Just a few days ago I came up with my best idea yet. I started dying some wedgee style plastics that I cut out of the stretchy "snap back" plastic bright red (bloodworms) Im sure they are going to be awesome, indestructable super soft for amazing action and they will always be straight because they dont get crooked in the pack like regular plastic. 

So at this point I started 2 months ago and Im running out of time!!!


----------



## ress (Jan 1, 2008)

The cool thing about ice fishing is, it is cheap and just about anything goes!


----------



## icebucketjohn (Dec 22, 2005)

*Fiddlin' & Tweekin'*... 

that's about all I'm doing besides watching ice freeze!


----------



## rattletraprex (Sep 1, 2005)

ress said:


> The cool thing about ice fishing is, it is cheap and just about anything goes!


When did this Cheap thing happen?

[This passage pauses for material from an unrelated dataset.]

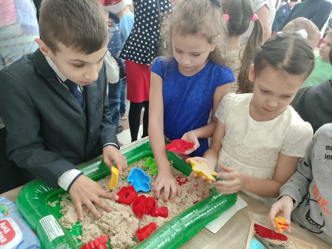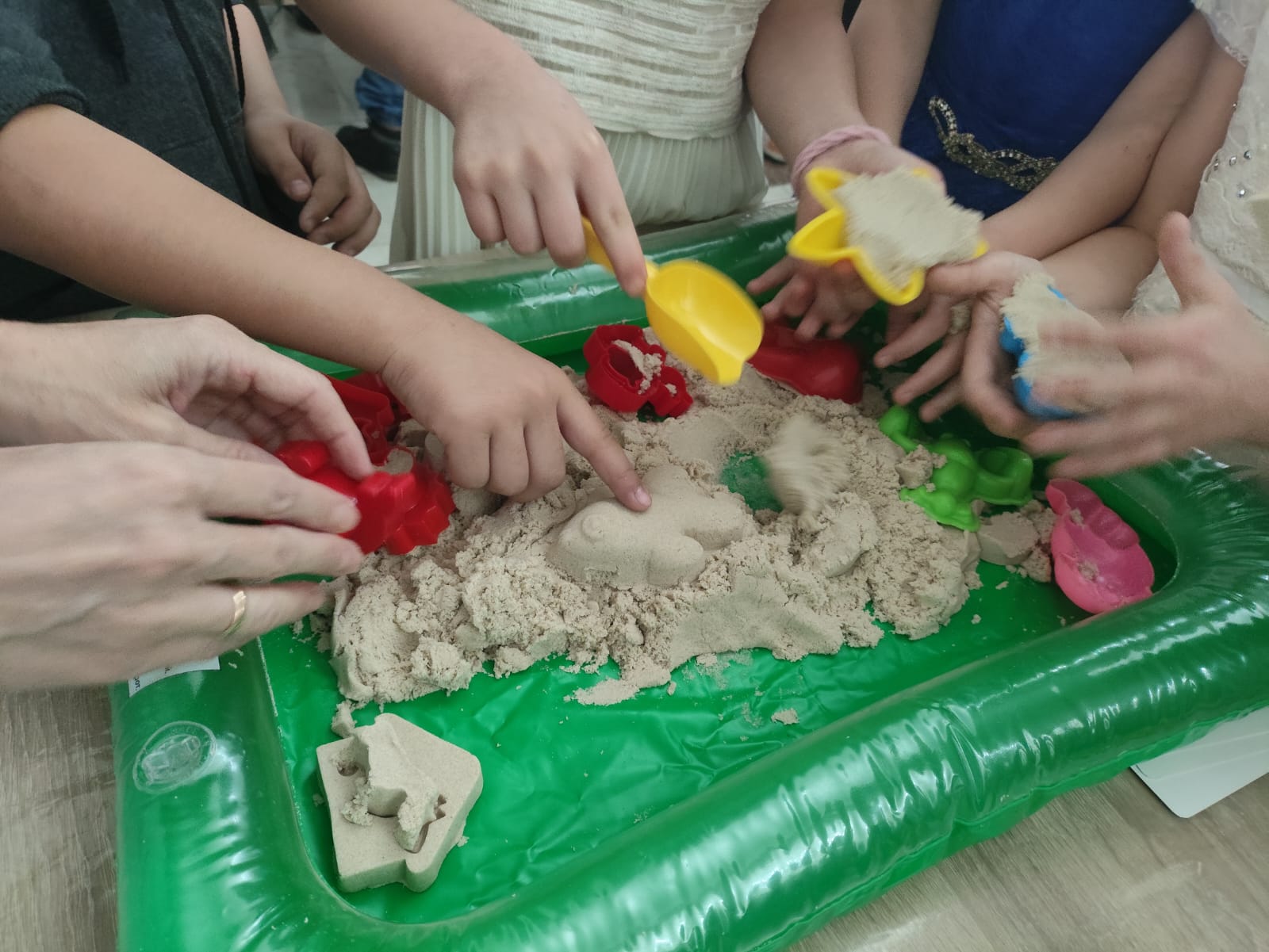 - развивающая игра с «кинетическим» песком, надувной песочницей и формочками;

Vex,shanty,auger, rods,reels,jigs,bait, etc. etc.


----------



## Bassnpro1 (Apr 6, 2004)

Once you get all the stuff though it only take me about $40 dollars in gear a year to keep me going. That startup cost is crazy though


----------



## icebucketjohn (Dec 22, 2005)

_Don't forget the cost of Gasoline these days..._


----------



## wave warrior (Oct 2, 2005)

ress said:


> The cool thing about ice fishing is, it is cheap and just about anything goes!

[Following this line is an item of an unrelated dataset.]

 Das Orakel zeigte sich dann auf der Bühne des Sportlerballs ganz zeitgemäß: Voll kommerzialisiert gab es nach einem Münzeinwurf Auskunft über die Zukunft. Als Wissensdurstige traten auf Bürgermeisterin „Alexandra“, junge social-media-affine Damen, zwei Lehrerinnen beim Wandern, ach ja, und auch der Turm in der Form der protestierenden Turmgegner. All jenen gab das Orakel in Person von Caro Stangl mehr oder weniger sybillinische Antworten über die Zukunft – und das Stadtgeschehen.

are you KIDDING ME!!!LOL!!! you aint been shopping or fishing with US!!!LOL!!! cheap...i want to fish with you....show me the ropes!!!


----------



## papaperch (Apr 12, 2004)

I believe the main question was " Can you fiddle with gear too much ? "

I also believe an observation was made that ice fishing is cheap.

Uh ,I submit to a knowledgable jury of my peers one item. Bear in mind

this is barely one third of my panfish lures. This does not include the species 

lures. There are 144 of them in this book care to guess at the investment ?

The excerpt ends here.